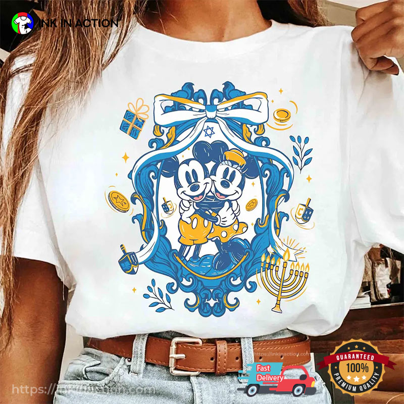 Celebrate the season of light with this festive Mickey And Minnie Disney Hanukkah Comfort Colors Shirt, perfect for sharing joy and tradition. Crafted from soft, high-quality cotton, it offers comfort and style for every celebration. Whether at family gatherings or holiday parties, this tee lets you wear your Hanukkah spirit with pride and warmth.
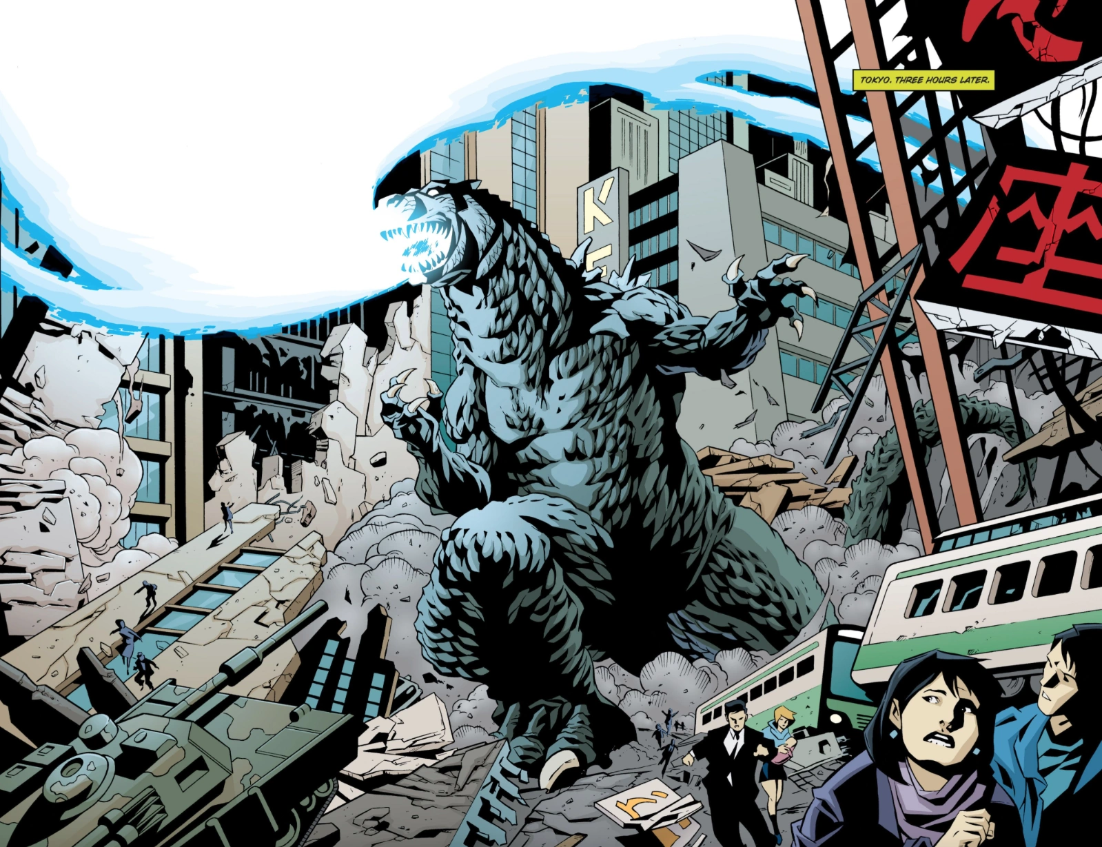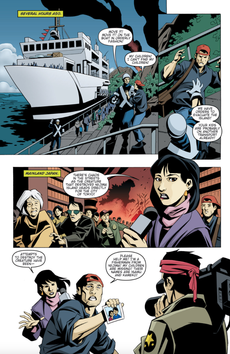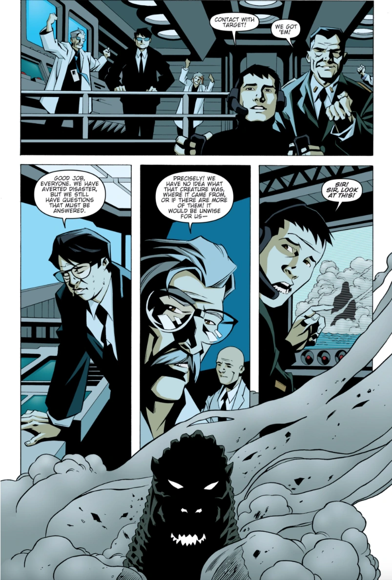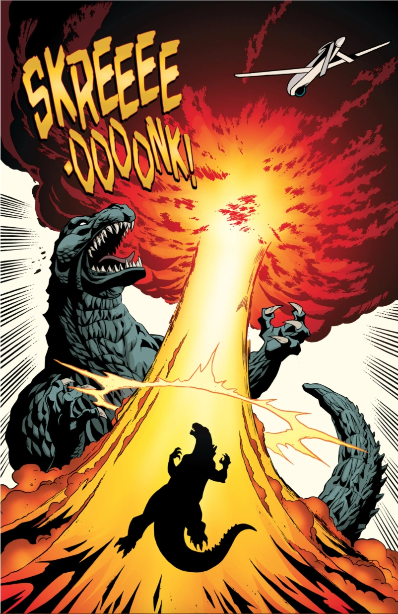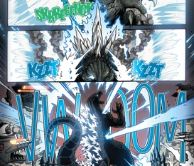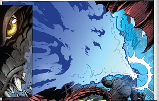 A prehistoric monster who suddenly awakened from under the sea in 2011, Godzilla was immediately attacked with a nuclear weapon which only served to grant him atomic powers. Godzilla terrorized the globe as other giant monsters began to appear as well. After clashing with Anguirus, Godzilla battled against King Ghidorah and humanity's own weapon, Mechagodzilla. He finally triumphed in battle against Rodan and Battra, who were under the control of the evil psychic twins Minette and Mallory. As time went on, Godzilla remained a constant threat, appearing in cities such as Washington, D.C. Mercenary Boxer formed an elite team specifically to hunt Godzilla and monsters like him, while humanity built a new and improved Mechagodzilla to combat him. Godzilla would turn out to be the lesser of two evils when a group of four space monsters arrived on Earth to wreak havoc. Godzilla joined forces with humanity and his fellow Earth monsters to battle the space monsters, finally defeating the powerful Keizer Ghidorah with help from Rodan. Godzilla gradually began to be seen as a force of nature, his occassional attacks much like a hurricane or earthquake. He became more active as other new monsters such as Zilla and Sanda and Gaira began emerging. The Earth soon fell victim to an alien invasion by the Cryogs and Devonians and their armies of monsters. Godzilla stood at the front lines, defeating the Devonians' monsters and destroying their capital. However, the Cryogs struck back with monsters of their own, including an army of mass-produced Mechagodzillas and the deadly power-absorbing Trilopods. Only with the assistance of the other monsters of Earth and mankind's mecha units was Godzilla able to slay the Trilopods and their colossal queen, Magita, earning him a much-deserved rest from battle.
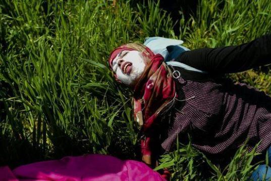 Una joven refugiada, con problemas para respirar tras el ataque de los agentes macedonios.
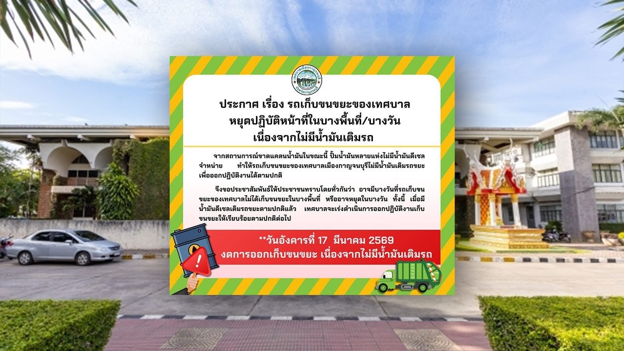 ថៃឡង់ដ៍៖ រដ្ឋបាលក្រុងកញ្ចនៈបុរី (Kanchanaburi) បានប្រកាសផ្អាកសេវាកម្មប្រមូលសំរាមនៅតាមតំបន់មួយចំនួន និងនៅថ្ងៃខ្លះ ដោយសារតែកង្វះខាតប្រេងសាំងនិងប្រេងម៉ាស៊ូត។ នេះបើតាមការបញ្ជាក់ពីមន្ត្រីមូលដ្ឋាន ។
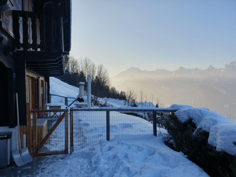 "Chalet Arvine", chalet 5 pièces 200 m2 sur 3 niveaux. Aménagement agréable et de bon goût: entrée. Grand séjour/salle à manger 80 m2 avec baie vitrée avec cheminée, table pour les repas, TV (câblée) et DVD. Sortie sur le balcon, sur la terrasse. Cuisine ouverte (lave-vaisselle, 4 plaques vitrocéramique, congélateur, cafetière électrique, appareil à raclette, service à fondue (fondue au fromage)). WC séparé. À l'étage inférieur: 1 chambre avec 1 grand-lit (1 x 160 cm, longueur 200 cm), bain/WC. 1 chambre avec 2 lits et douche/WC. À l'étage supérieur: 1 grande chambre avec 1 grand-lit (1 x 160 cm, longueur 200 cm), bain/WC et double vasque. 1 grande chambre avec 1 grand-lit (1 x 160 cm, longueur 200 cm), bain/WC et double vasque. Meubles de terrasse, barbecue. Vue panoramique sur les montagnes, la vallée et la localité. A disposition: lave-linge, sèche-linge. Internet (Connexion WIFI, gratuit). Place de parking (3 voitures). Veuillez noter: logement pour non fumeurs. 1 place de parking dans le garage télénendaz à disposition durant l'hiver 2016-2017. Inclus: Garantie satisfaction gratuite, Internet sans fil (WIFI) Disponible sur le site avec supplément: Lit bébé (jusqu'à 2 ans) 4.59EUR par jour, Chaise haute 4.59EUR par jour, Poussette 4.59EUR par jour Services supplémentaires obligatoires sur le site: Taxe de séjour enfants (3-5) (par personne et par jour), Taxe de séjour bébés (0-2) (par personne et par jour), Linge (1er jeu de draps et serviettes) 29.0EUR par personne, Taxe de séjour enfants (6-15) 1.25EUR par personne et par jour, Nettoyage final 49.2EUR par personne, Taxe de séjour 2.5EUR par personne et par jour
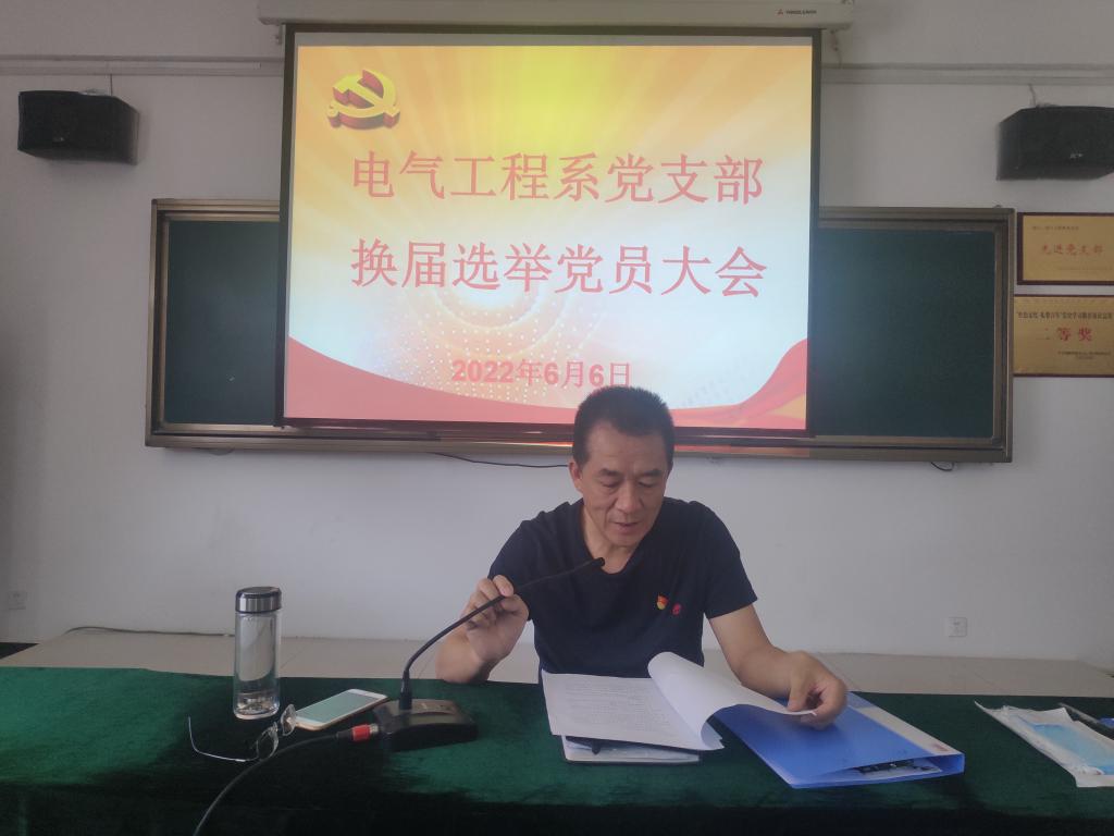 根据校党委统一部署,6月6日下午,电气工程系党支部在338党员活动室召开党支部换届选举党员大会,此次会议主要选举产生新一届支委委员,全体党员参加会议,会议由电气工程系党支部书记、系主任段云冬主持。

WHAT TO DO: From the line containing "ថៃឡង់ដ៍៖ រដ្ឋបាលក្រុងកញ្ចនៈបុរី (Kanchanaburi)" through the final line of the listing above, reproduce every line exactly, with no pictures.

FINISHED TASK:
 ថៃឡង់ដ៍៖ រដ្ឋបាលក្រុងកញ្ចនៈបុរី (Kanchanaburi) បានប្រកាសផ្អាកសេវាកម្មប្រមូលសំរាមនៅតាមតំបន់មួយចំនួន និងនៅថ្ងៃខ្លះ ដោយសារតែកង្វះខាតប្រេងសាំងនិងប្រេងម៉ាស៊ូត។ នេះបើតាមការបញ្ជាក់ពីមន្ត្រីមូលដ្ឋាន ។
 "Chalet Arvine", chalet 5 pièces 200 m2 sur 3 niveaux. Aménagement agréable et de bon goût: entrée. Grand séjour/salle à manger 80 m2 avec baie vitrée avec cheminée, table pour les repas, TV (câblée) et DVD. Sortie sur le balcon, sur la terrasse. Cuisine ouverte (lave-vaisselle, 4 plaques vitrocéramique, congélateur, cafetière électrique, appareil à raclette, service à fondue (fondue au fromage)). WC séparé. À l'étage inférieur: 1 chambre avec 1 grand-lit (1 x 160 cm, longueur 200 cm), bain/WC. 1 chambre avec 2 lits et douche/WC. À l'étage supérieur: 1 grande chambre avec 1 grand-lit (1 x 160 cm, longueur 200 cm), bain/WC et double vasque. 1 grande chambre avec 1 grand-lit (1 x 160 cm, longueur 200 cm), bain/WC et double vasque. Meubles de terrasse, barbecue. Vue panoramique sur les montagnes, la vallée et la localité. A disposition: lave-linge, sèche-linge. Internet (Connexion WIFI, gratuit). Place de parking (3 voitures). Veuillez noter: logement pour non fumeurs. 1 place de parking dans le garage télénendaz à disposition durant l'hiver 2016-2017. Inclus: Garantie satisfaction gratuite, Internet sans fil (WIFI) Disponible sur le site avec supplément: Lit bébé (jusqu'à 2 ans) 4.59EUR par jour, Chaise haute 4.59EUR par jour, Poussette 4.59EUR par jour Services supplémentaires obligatoires sur le site: Taxe de séjour enfants (3-5) (par personne et par jour), Taxe de séjour bébés (0-2) (par personne et par jour), Linge (1er jeu de draps et serviettes) 29.0EUR par personne, Taxe de séjour enfants (6-15) 1.25EUR par personne et par jour, Nettoyage final 49.2EUR par personne, Taxe de séjour 2.5EUR par personne et par jour
 根据校党委统一部署,6月6日下午,电气工程系党支部在338党员活动室召开党支部换届选举党员大会,此次会议主要选举产生新一届支委委员,全体党员参加会议,会议由电气工程系党支部书记、系主任段云冬主持。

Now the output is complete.